The geometric mean is a superior measure of central tendency for skewed data sets with lognormal distributions. However, as no evidence has been presented that would justify the assumption that shot lengths are lognormally distributed the use of the geometric mean is questionable. Again, the median shot length is available as an alternative that can be used reliably as it locates the centre of a distribution as the middle ranked value in a data set, and does not rely on an underlying probability distribution.

## Do shot length distributions have a characteristic shape factor?

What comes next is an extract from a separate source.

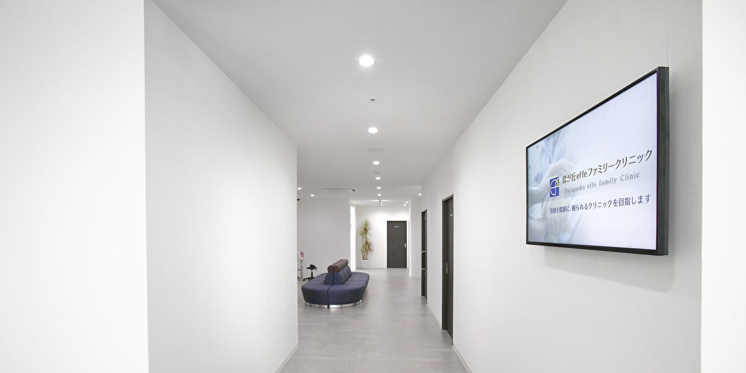 中待合室へと続く廊下は、車椅子ですれ違っても、ぶつからない広さをとりました。またモニターをご用意し、患者様のお役に立てる情報を随時流しております。

Each theoretical distribution is described by a set of parameters. The Lognormal distribution is described by the parameters and the shape factor, *σ*. Salt has claimed that the characteristic shape factor for the Lognormal shot length distributions of a motion picture is ~0.9 [5]. The relevance of this claim is lessened by the fact that there is no evidence to justify the claim that shot lengths are lognormally distributed. This claim is different to the one made in Salt (2006: 393), where it was asserted that the shape factor will lie in the interval 0.7 to 0.9.

Again, it is a simple matter to test both these claims.

#### Hypotheses

The first research question we are addressing here is ‘the lognormal shape factor of a shot length distribution is 0.9.’ The statistical hypothesis is:

- H
_{0}: the shape factor (*σ*) = 0.9

The second hypothesis we will address is the claim that ‘the lognormal shape factor of a shot length distribution will lie in the interval 0.7 to 0.9.’

#### Sample

The two samples of Hollywood films used above are employed in this test.

#### Method

The shape factor for each film is determined by maximum likelihood estimation (MLE) for the lognormal distribution. The mean value of *σ* for each data set is then calculated, and compared to the hypothesised value of 0.9 using a one sample *t*-test. A *p*-value of less than 0.05 is considered significant. The proportion of films with *σ* in the range 0.7 to 0.9 is then calculated, along with an approximate 95% confidence interval using the adjusted Wald method

MLE is performed using online calculators (Wessa 2008), and the *t*-test is performed using Microsoft Excel 2007. Graphpad online calculators were used to produce the confidence intervals for the proportions.

#### Results

The Lognormal shape factor for each film is presented in Table 4 for the silent films and Table 5 for the sound films.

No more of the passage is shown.